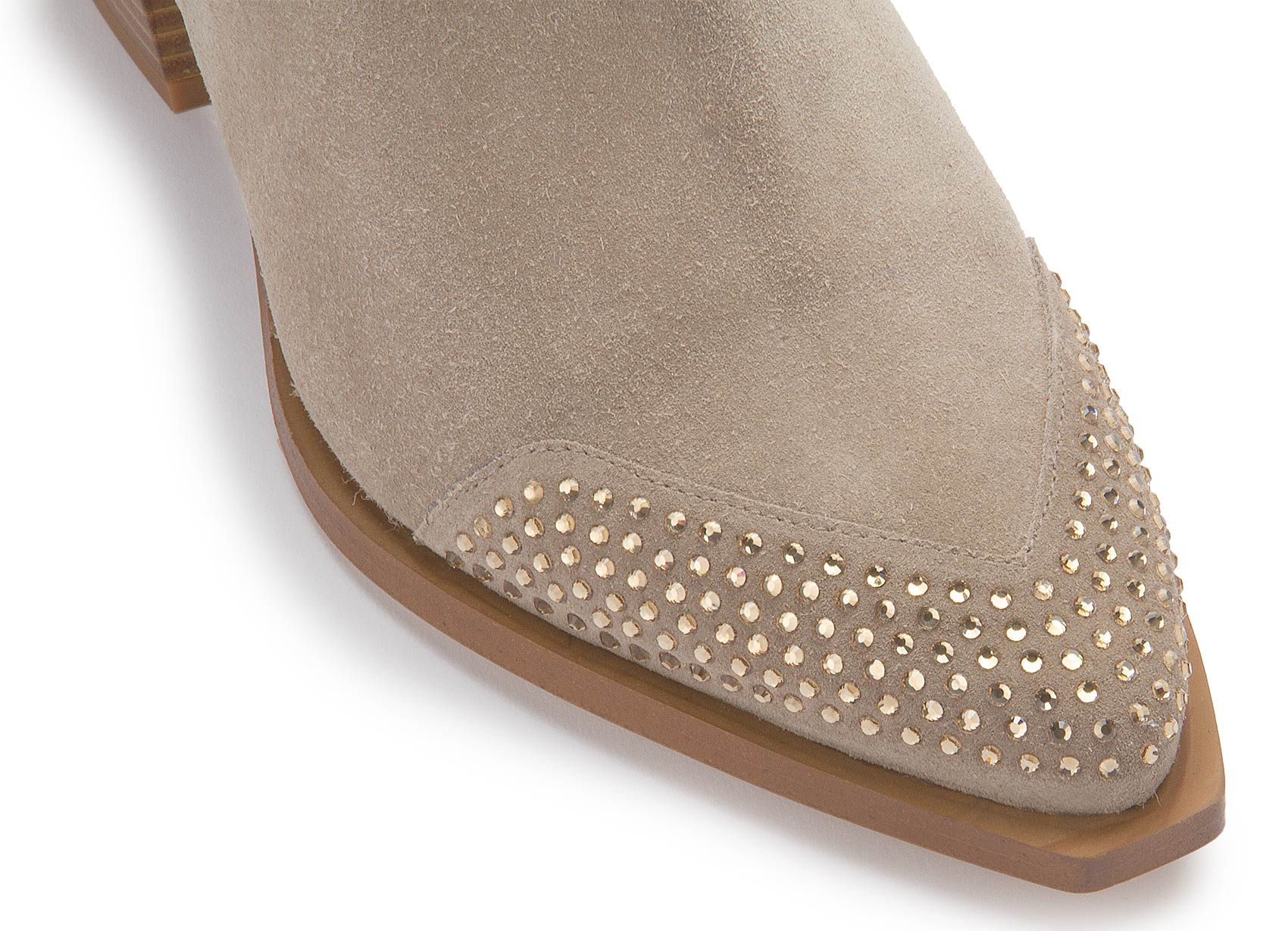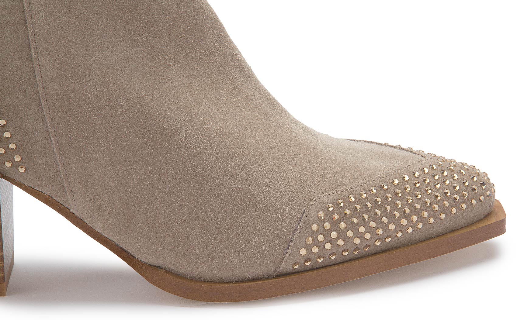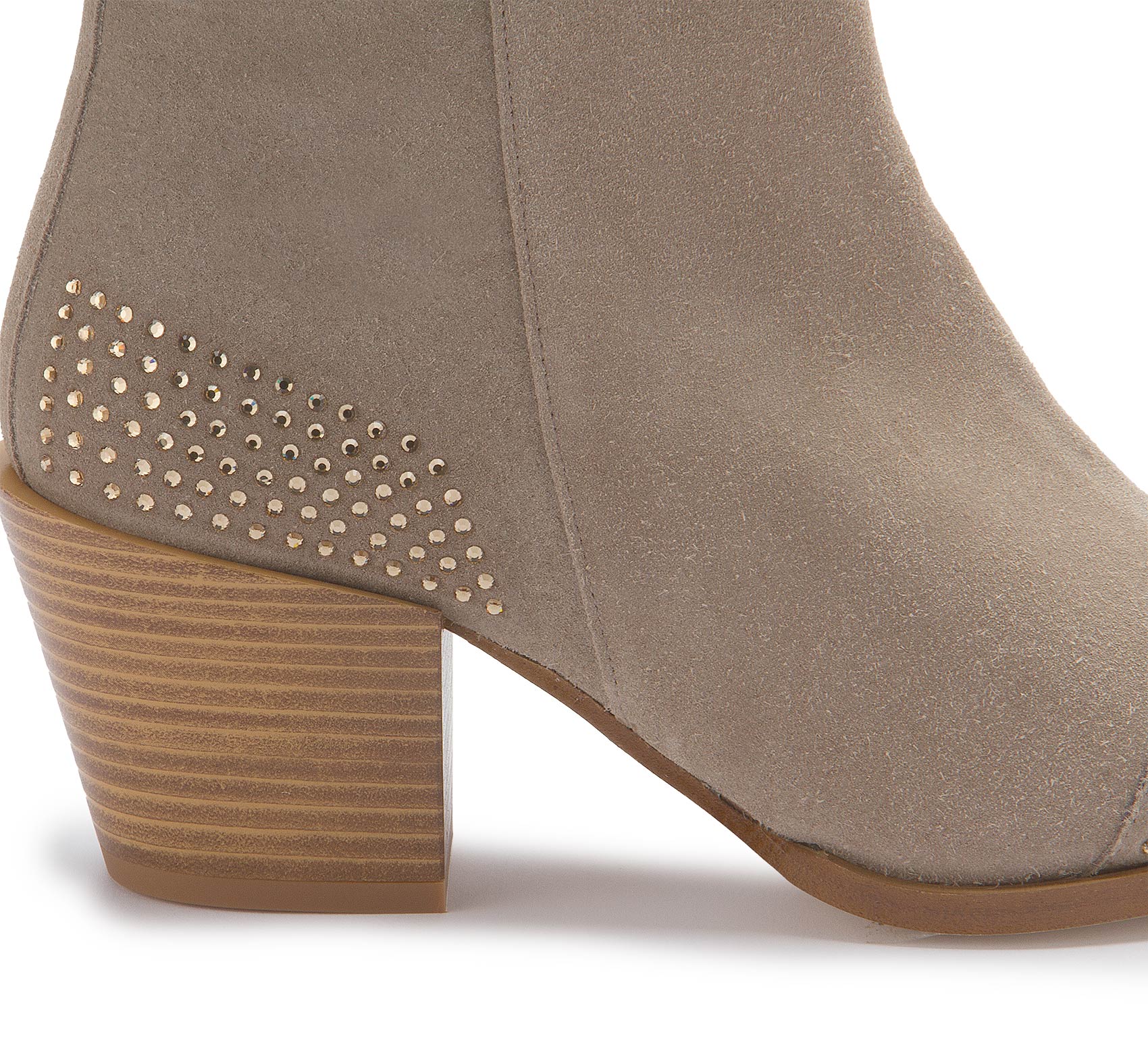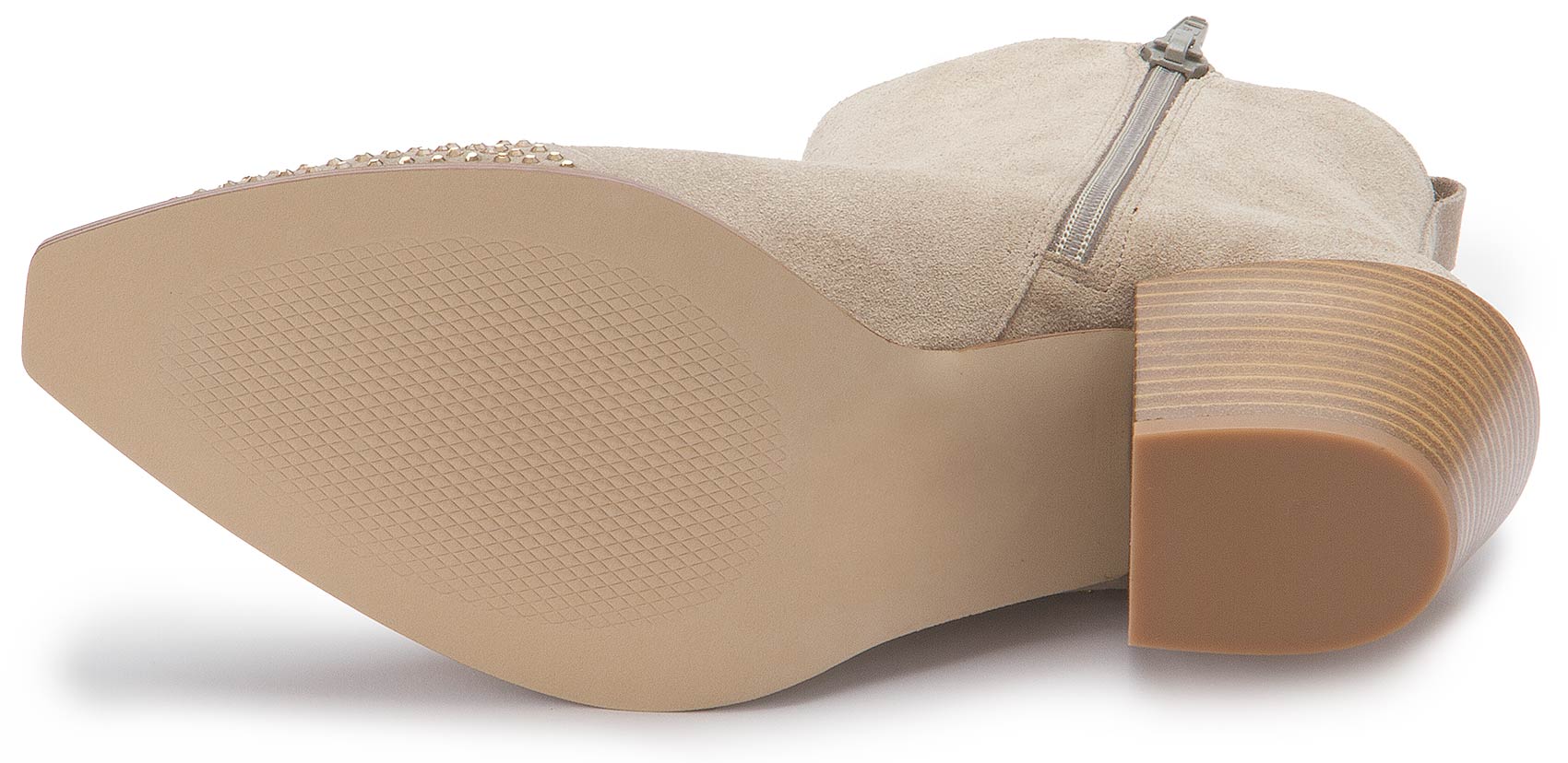 Diese edle Stiefelette von Bariello vereint luxuriöses Design mit hochwertigen Materialien. Gefertigt aus schwarzem Veloursleder und verziert mit funkelnden Steinchen an der Ferse und der Schuhkappe, wird sie zum echten Hingucker. Der stabile Blockabsatz bietet optimalen Komfort, während das Innenfutter aus Leder ein angenehmes Tragegefühl garantiert. Ein seitlicher Reißverschluss rundet das elegante Gesamtbild ab und sorgt für bequemes An- und Ausziehen.
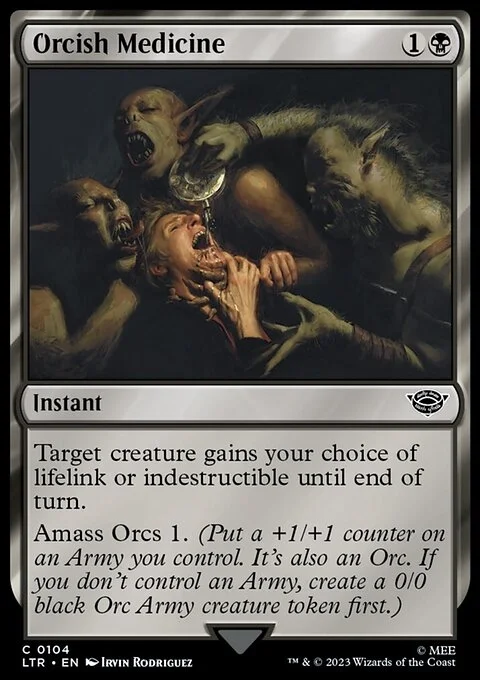 Target creature gains your choice of lifelink or indestructible until end of turn. Amass Orcs 1. (Put a +1/+1 counter on an Army you control. It's also an Orc. If you don't control an Army, create a 0/0 black Orc Army creature token first.)
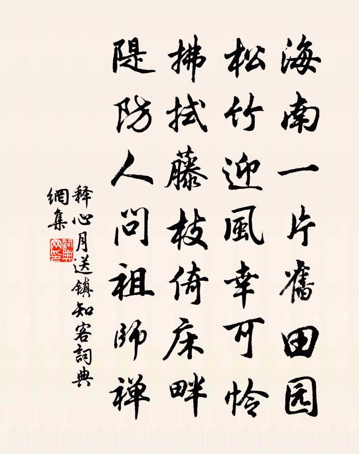 詩詞名句歷史字典書法欣賞書法字典國語詞典說文解字康熙字典古漢語字典標 題 作 者 詩 句 送鎮知客作者:釋心月 朝代:宋代送鎮知客原文海南一片舊田園,松竹迎風幸可憐。拂拭藤枝倚床畔,隄防人問祖師禪。詩詞問答問:送鎮知客的作者是誰?答:釋心月問:送鎮知客寫於哪個朝代?答:宋代釋心月送鎮知客書法欣賞送鎮知客書法作品詩詞推薦湘妃廟李群玉〔唐代〕少將風月怨平湖,見盡扶桑水到枯。相約杏花壇上去,畫欄紅紫斗樗蒲。鷓鴣天(歐倩)趙彥端〔宋代〕梅粉新妝間玉容。壽陽人在水晶宮。浴殘雨洗梨花白,舞轉風搖菡萏紅。雲枕席,月簾櫳。金爐香噴鳳幃中。凡材題李公麟山莊圖其九秘全庵蘇轍〔宋代〕世道自破碎,全理未嘗違。溪山亦何有,永覺平日非。俞公達待制輓詞二首秦觀〔宋代〕詞場英妙氣如虹,出入青雲見事功。流馬木牛通蜀漕,葛巾羽扇破渠戎。風生使者旌旄上,春在將軍俎豆中。詔墨寄夷白坦然吳則禮〔宋代〕北湖飯飽初不知,惟見從來方朵頤。天公大似撩吾輩,不遣細和夔州詩。收麥呈王松齡秀才晁補之〔宋代〕晁莊寂莫依東山,王莊負郭容往還。東山刺薊深一尺,負郭家近饒盤餐。穿鞋戴笠隨麥隴,旱日炎炎煙燎顏。賤貧滿庭芳 西園席間用人韻耶律鑄〔元代〕酒陣詩壇,徵兵命將,得無傾動華筵。擬勤春事,還自要相先。天地元如逆旅,應自愧、不駐流年。憑誰問,娥鏡中嘆白髮呂溫〔唐代〕年過潘岳才三歲,還見星星兩鬢中。縱使他時能早達,定知不作黑頭公。挾彈篇梅堯臣〔宋代〕長安細侯年尚小,獨出春郊不須曉。手持柘彈霸陵邊,豈惜金丸射飛鳥。金丸射盡飛鳥空,解衣市酒向新豈。醉倒西歸七首次韻和泗州十五叔父一晁補之〔宋代〕潔腹不受污,昔人因食薇薇亦周土生,悲哉懷永飢武王與周公,聖德天動威奈此二子何,猶嘆安適歸次幽居蔡槃〔宋代〕卻粒燒丹未有方,且逃人事住山房。冷看桐葉含秋思,間掃苔花背夕陽。牆壁遍題無酒句,衣裳多帶搗茶香。雲深念奴嬌(五和)劉克莊〔宋代〕隆乾間事,兩翁有、手澤遺編曾紀。余掌蘭台修纂到,景定初開忠邸。抔起復麻,奮塗歸筆,嚼碎張巡齒。德音猶百丈山鄭樵〔宋代〕疊嶂聯屏飛遠近,風情物色有餘涯。回頭四顧東西地,多少礪山莊帝家。奉和隨王殿下詩 八謝朓〔南北朝〕愴愴緒獨興。祁祁族雲布。嚴氣集高軒。稠陰結寒樹。日月謬論思。朝夕承清豫。徒藉小山文。空揖章台賦。感事吟邵雍〔宋代〕理順面前皆道路,義乖門外是榛荊。何人肯認皆言語,此語分明人不聽。開禧元年四月自中都挈家還鄉寓居城南十二月汪莘〔宋代〕每恨投南鵲,尤憐向北枝。雖蒙今士笑,恐有後人思。運火解朝凍,咽津棄夜飢。不來溪上住,那得雪中詩。秋祀高禖二絕蘇轍〔宋代〕乾德年中初一新,頹坦破瓦委荊榛。興亡舉墜干戈際,閒暇方知國有人。失調名黃庭堅〔宋代〕直須把、茱萸遍插,看滿座、細嗅清香。神宗皇帝輓詞五首司馬光〔宋代〕至德成無象,徽名避不居。期門弋獵絕,步輦宴遊疏。錢列金釭暗,兵嚴武帳虛。蓬萊日晏仗,猶望駕宮車。春陰晏殊〔宋代〕十二重環閟洞房,愔愔危樹俯回塘。風迷戲蜨間無緒,露裛幽花冷自香。綺席醉吟銷桂酌,玉台愁作澀銀簧。梅青名句推薦舉大事,必慎其終始戴聖《禮記·文王世子》 此身行作稽山土,猶吊遺蹤一泫然。陸游《沈園二首》 惻隱之心,人皆有之孟子《孟子·告子章句上·第六節》 濃似春雲淡似煙,參差綠到大江邊。紀昀《富春至嚴陵山水甚佳》 臨官莫如平,臨財莫如廉。劉向《說苑·政理》 一去無訊息,那能惜馬蹄。薛道衡《昔昔鹽》 大丈夫相時而動。曹雪芹《紅樓夢·第四回》 百結愁腸郁不開,此生惆悵異鄉來。秋瑾《九日感賦》 驟雨過,珍珠亂撒,打遍新荷。元好問《驟雨打新荷》 萬里人南去,三春雁北飛。韋承慶《南中詠雁詩》
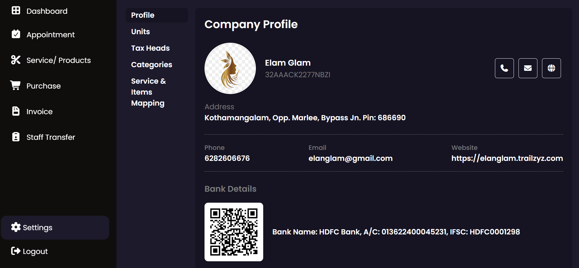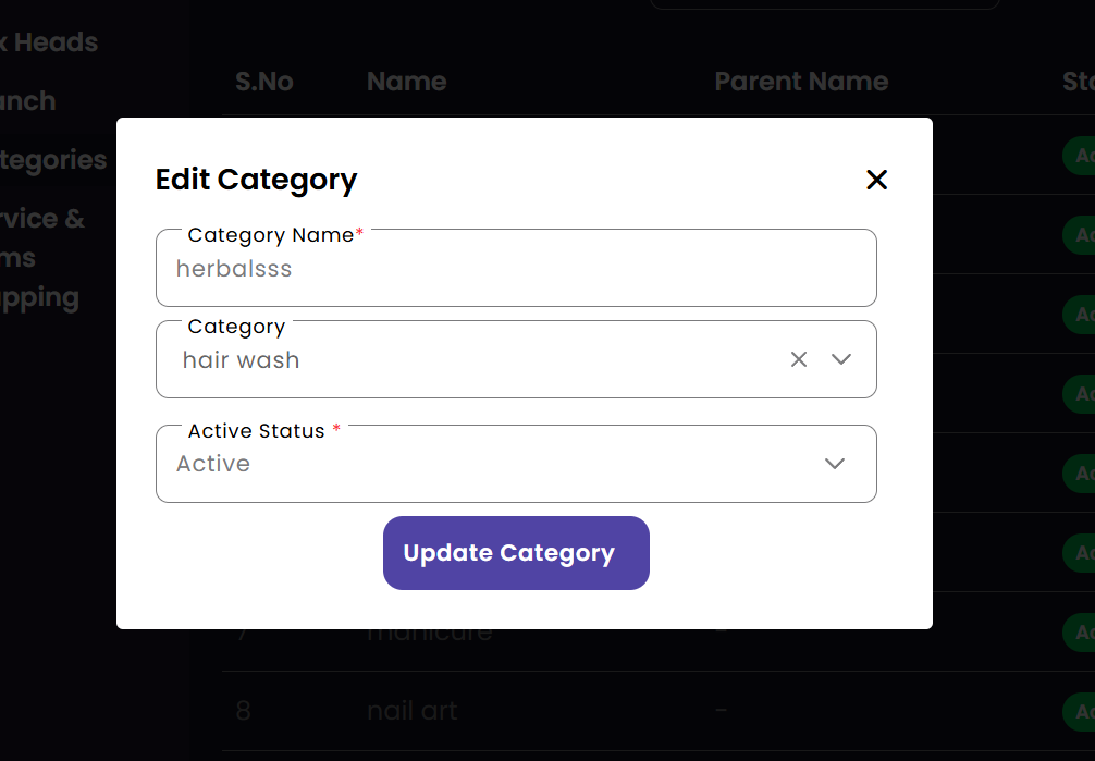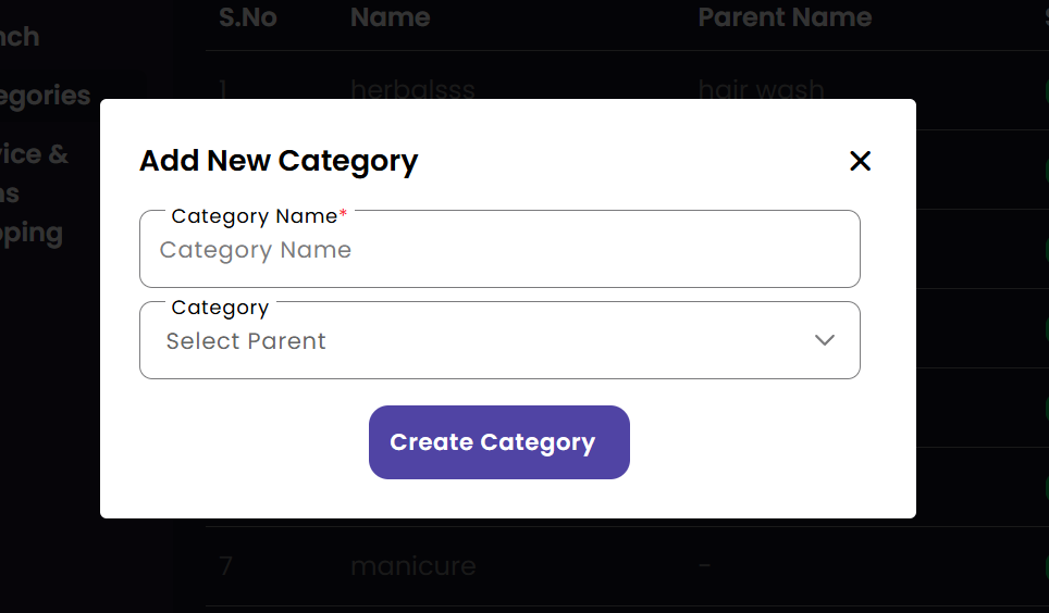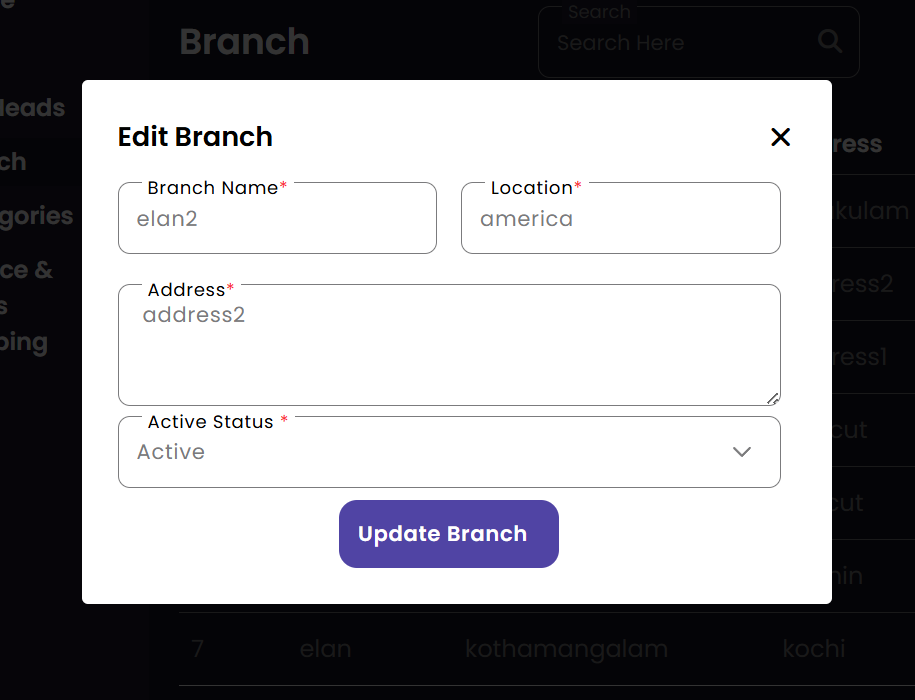 Manage and configure different salon locations. Add new branches, update contact details, and view the entire organizational structure from this centralized management interface.

Exercise objective
Give again, exactly, the lines from the start of the data through the one holding "Target creature gains"; omit the pictures.

Completed task
 Diese edle Stiefelette von Bariello vereint luxuriöses Design mit hochwertigen Materialien. Gefertigt aus schwarzem Veloursleder und verziert mit funkelnden Steinchen an der Ferse und der Schuhkappe, wird sie zum echten Hingucker. Der stabile Blockabsatz bietet optimalen Komfort, während das Innenfutter aus Leder ein angenehmes Tragegefühl garantiert. Ein seitlicher Reißverschluss rundet das elegante Gesamtbild ab und sorgt für bequemes An- und Ausziehen.
 Target creature gains your choice of lifelink or indestructible until end of turn. Amass Orcs 1. (Put a +1/+1 counter on an Army you control. It's also an Orc. If you don't control an Army, create a 0/0 black Orc Army creature token first.)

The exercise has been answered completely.